Courtesy illustration

The new Sticky Bird restaurant on the west side is the first modular building for ModuAll, a new company within the Lange Cos. that’s designed to capitalize on the modular construction trend.

“We started noticing the trend in modular restaurant design several years ago,” said Joe Robertson, brand manager for the Lange Cos., which includes Lange Real Estate.

RedGuard, another company within the Lange group, already has been building blast-resistant buildings for some time, and Lange’s SiteBox Storage offers portable storage.

ModuAll was a logical next step.

“It’s that entrepreneurial drive,” Robertson said. “We’re always evaluating: What can we do that adds value to a wider audience?”

The cost of the buildings depends on a business’ needs.

“The hope is that it will be less expensive and faster,” Robertson said.

In addition to modular restaurants, ModuAll is in talks with a couple of different groups about modular housing that would be “low barrier to entry housing.”

“We would be building a small shelter-type home that fits those people who are displaced and unhoused,” Robertson said. “This would be their home, and they would have that sense of ownership.”

The homes are a possibility for OneRise Health Campus, the Lange Community Foundation’s planned 70-acre behavioral health campus near the northwest corner of Meridian and MacArthur.

“This ties in really well with what we want to do at OneRise,” Robertson said.

ModuAll also is working with 7 Brew Coffee, the chain known for dropping multiple modular buildings in communities where it locates.

Though 7 Brew already works with other modular companies, Robertson said, “Their growth right now, it’s really bigger than any one manufacturer.”

He said when ModuAll first started talking to 7 Brew, the questions were, “What can you produce?
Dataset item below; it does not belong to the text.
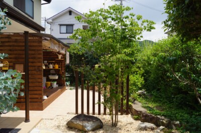 目隠しフェンスは、少し隙間をあけることによって閉鎖的にならず、風通しもよくなり、来客時には人の気配を感じることができます。

What is the quality of product you can make?” That lead to a deal.

Robertson said a modular concept makes a lot of sense for restaurants.

“It has a huge upside.”

He said Chick-fil-A has used the buildings for sites where it wants to update existing buildings.

“It’s less disruption.”

Site preparation and building construction can be done simultaneously, and weather doesn’t disrupt the building construction.

Robertson said if a business already has ground it likes, it simply needs to ready the foundation then drop in the building.

“You’re up and going in a matter of weeks versus months.”

Also, he said, coming out of the pandemic, more restaurants are turning to drive-throughs as people aren’t dining in quick-service restaurants quite as much.

For instance, Sticky Bird has a limited dining area. However, if that trend changes, Robertson said the chain could take off the facade of the restaurant and create a larger dining room.

He said there are a lot of different possibilities with modular buildings.

“We see it as a really big trend.”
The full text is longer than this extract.